Soms sliep hij een beetje.
Ik zat op de vensterbank naast hem of aan de andere kant op de rand van de kachel.
Foto van Guus-gisteren en van de handdoek en mijn kussentje voordat ik ze opruim.
Ze liggen er overigens nog steeds.
Opruimen maakt het zo definitief.
Dit zijn honderden lekkere hapjes voor Guus.
Die ivm zijn overactieve schildklier zeker zes keer per dag honger had en dan een portiezakje of een blikje (deels) opat.
En de rest verspreidde over de kranten waarop het bordje stond.
Sammie at af en toe een beetje mee.
Maar -logisch- niet zo extreem als Guus.
Hier kan ik nu dus nog erg lang mee vooruit.
Nan zegt
Ken dit proces. Ik ben blij dat je hem uiteindelijk hebt kunnen laten gaan.
Jeanne zegt
De handdoek zit nu in de wasmachine.
Maar nu doe je het wéér, Nan, suggereren dat ik Guus eerder had moeten ‘laten gaan’.
Eergisteren was Guus nog een opgewekte, aanhankelijke, regelmatig in de tuin wandelende, om eten zeurende, tegen me aan op bed slapende kat.
Toen hij gisteren erg ziek werd, wist ik direct dat ik hem moest ‘laten gaan’.
Ik heb bv geen seconde overwogen om wat er mis kon zijn met zijn ingewanden te laten behandelen om hem zo mogelijk nog een paar maanden extra bij me te houden.
Mijn stelregel mbt ál mijn dieren is: ik doe mijn best ze in leven te houden zolang het leven leuk voor ze is.
Zodra dat niet meer het geval is, laat ik ‘gaan’.

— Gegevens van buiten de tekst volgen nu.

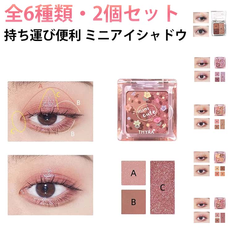 ■コンパクト アイシャドウ 2個セット メイクアップ 6type キラキラ アイシャドウ ミニ アイシャドウパレット Eyeshadow アイシャドウ 可愛
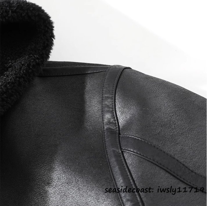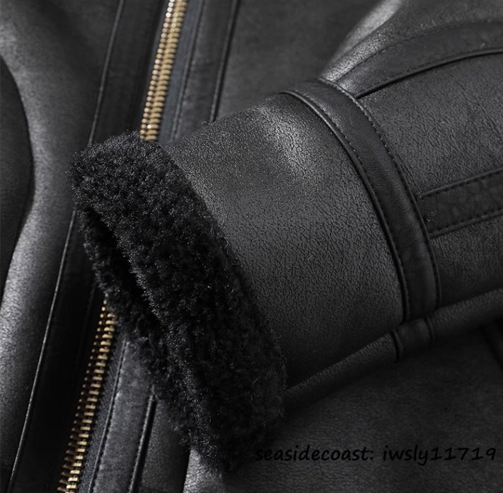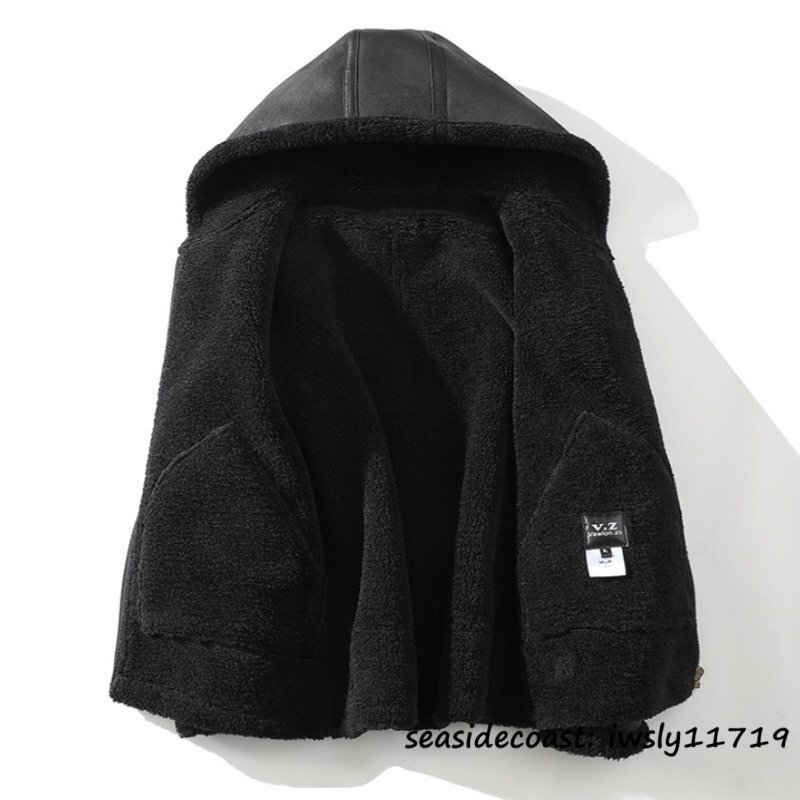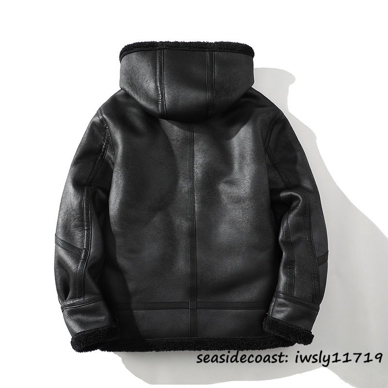 最上級*ライダース フード付き ムートンコート メンズ レザージャケット ブルゾン ジャンバー 防寒 厚手 フライトジャケット ブラック 2XL 收藏
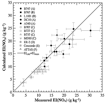 7.7. Engine Emissions Database and Correlation Since the early 1970s, when engine manufacturers started measuring emissions to demonstrate compliance with regulations developed for the airport vicinity, there has been a steady increase in data available for the development and refinement of databases associated with subsonic aircraft engine emissions. This section provides a brief overview of current ICAO engine standards and the status of the emissions database. It also discusses methods used to correlate sea-level emissions measurements with in-flight levels. Special emphasis is placed on simplified methods of NOx prediction and their validation for inventory purposes, as well as emissions variability. 7.7.1. ICAO Engine Standards and Emission Database To control pollutants from aircraft in the vicinity of airports, ICAO established emissions measurement procedures and compliance standards for soot (measured as smoke number-SN), unburned hydrocarbons, carbon moNOxide, and oxides of nitrogen. A landing and take-off cycle was defined to characterize the operational conditions of an aircraft engine within the environs of an airport; this LTO cycle is illustrated in Figure 7-28. The standards are applied to all newly manufactured turbojet and turbofan engines that exceed 26.7 kN rated thrust output at International Standard Atmosphere (ISA) sea level static (SLS) conditions. The smoke standards took effect in 1983, and those for gaseous emissions took effect in 1986. Measurements of the exhaust emissions of a single engine are performed at the manufacturer's test facilities as part of the certification process, in compliance with the requirements of ICAO international standards and recommended practices of Annex 16 to the convention on international aviation (ICAO, 1993). The data are published in an ICAO exhaust emissions data bank (ICAO 1995b). Engine emissions are given for the standardized LTO cycle represented by an engine power setting of 7 (taxiing), 30 (approach), 85 (climb-out), and 100% (take-off) of rated output and given times in mode (see Figure 7-28 and Table 7-8). Together with fuel flow, emission indices of HC, CO, and NOx in g per kg of fuel burned and maximum SN are reported. For a variety of engines, the measured SNs for all power settings are provided. Except for smoke, the emissions of each LTO cycle mode (EI x fuel flow x time in mode) are summed (Dp) and expressed in the form Dp/F00 (g kN) where (F00) is the maximum thrust of the engine at take-off under ISA SLS conditions.

Kip, konijn, cavia en kat.
Truus zegt
Die lieve Guus. Heel veel sterkte Jeanne, wat zul je dat manneke missen!
shabnam zegt
Kan me voorstellen dat juist de herinneringen aan die kleine dingen als de handdoek waarop hij lag en het eten waarmee je hem een beetje wilde verwennen dat nu niet meer door hem gegeten zal worden ongelooflijk pijn doen. De dood went nooit. Wat een gemis.